A bus plummeted into the Hongshan Reservoir in southwest China on July 7 in what is suspected to have been a revenge suicide attack by the driver, killing 21 and injuring another 16. Chinese media has been forbidden to freely report the incident.
Many of the victims are said to be students who were on their way to take the annual college entrance exam. By 10 p.m. on July 7, rescuers had found at least 37 people, among them 12 students, five of whom were dead.
The Hongshan Reservoir is located in Anshun City, Guizhou Province.
Chinese authorities have been tightly controlling all media coverage of the event. Chinese media outlet Caixin did an exclusive report on July 10, but it was taken down soon after.

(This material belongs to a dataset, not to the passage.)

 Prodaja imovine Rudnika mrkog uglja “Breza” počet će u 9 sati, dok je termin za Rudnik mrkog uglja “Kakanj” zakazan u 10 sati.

The driver, 52-year-old Zhang Baogang, had been a city bus driver since 1997. According to Caixin, Zhang’s old home had just been demolished at 10 a.m. on that day. A local resident directed the Caixin reporter to the house. All that was left was a sofa, bed, TV, and other personal belongings, buried under piles of bricks. Apparently, Zhang had rushed to the house when he heard that the demolition team had arrived, but he was not allowed to go near it.

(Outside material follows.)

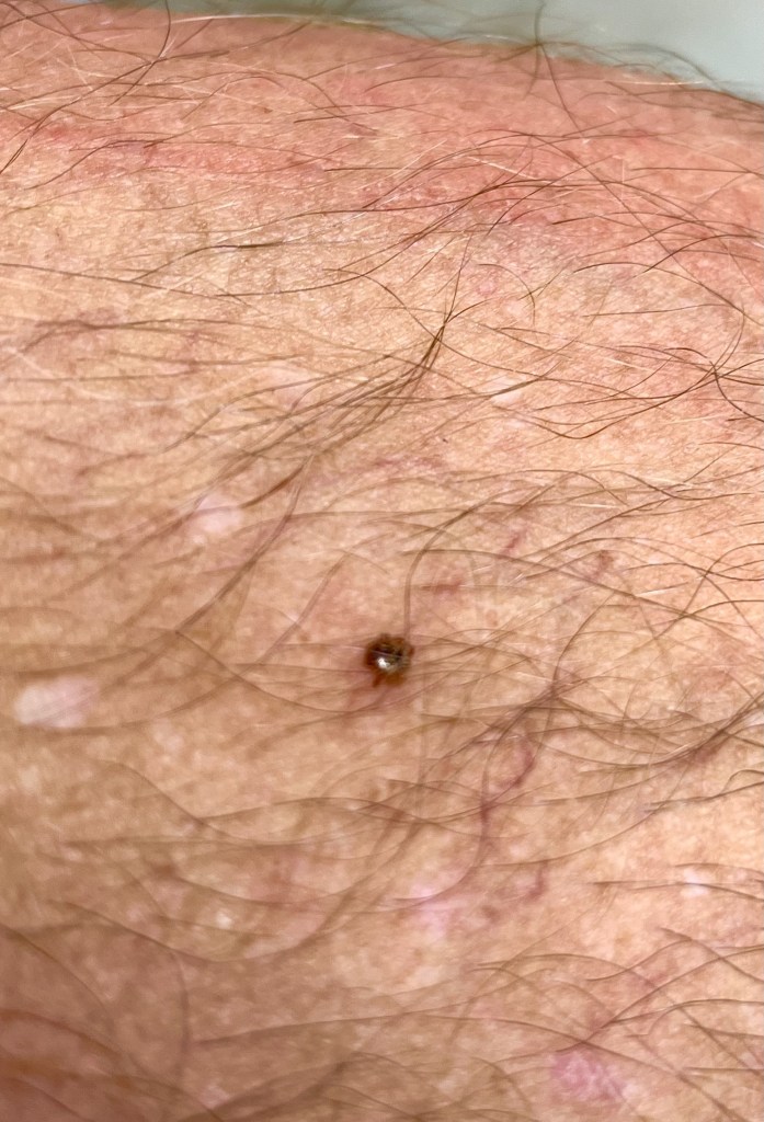 The two keys for tick removal are to remove the entire tick (you don’t want to accidentally snap off its head and leave it under your skin) and to prevent the tick from regurgitating its saliva into your skin while you do it. Note also that most experts no longer recommend the method I was taught as a Boy Scout, of heating the tip of your tweezers with a lighter and lightly touching the tick before pulling it out to make it let go of your skin.

According to a July 8 report by Radio Free Asia (RFA), Anshun city authorities issued an emergency notice to disciplinary committees at all levels, prohibiting any media interviews and saying, “all information must be reported according to the official release,” and “individuals will be held accountable for any release not following the rule.”
Mr. Cheng, a person familiar with the situation, told RFA that he received the surveillance video of the bus plunging into the reservoir an hour after the incident. His analysis of the video is that the driver’s intention was clearly a mass revenge killing and suicide.

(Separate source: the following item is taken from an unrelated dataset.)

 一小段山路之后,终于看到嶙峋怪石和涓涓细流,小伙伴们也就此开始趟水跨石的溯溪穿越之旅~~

Cheng mentioned that the authorities were aware that the driver had ingested pesticide, although it wasn’t made public. As for the type of pesticide he had taken, they weren’t sure.
A local journalist said the driver was a veteran and a petitioner over an unresolved house demolition. All local Chinese media and journalists were warned not to discuss the case, the RFA report said.
In recent years, Anshun city has engaged in large-scale urban expansion, including demolition and renovation, around the Hongshan Reservoir area. This has caused sharp conflicts between the government and the local people. According to Chinese search engine Baidu, the project also included the rerouting of Qianfeng river into Hongshan lake through a new tunnel. However, local media has been prohibited from publishing any information related to the conflict.
An online screenshot revealed the bus driver’s name and the demolition events that took place earlier in the day, both of which had not been made public by officials. Zhang had tried to lodge complaints with the government about the demolition, but to no avail. Withholding Zhang’s name from media reports is believed to be a tactic to maintain social stability as it would prevent acquaintances from revealing any facts about the incident.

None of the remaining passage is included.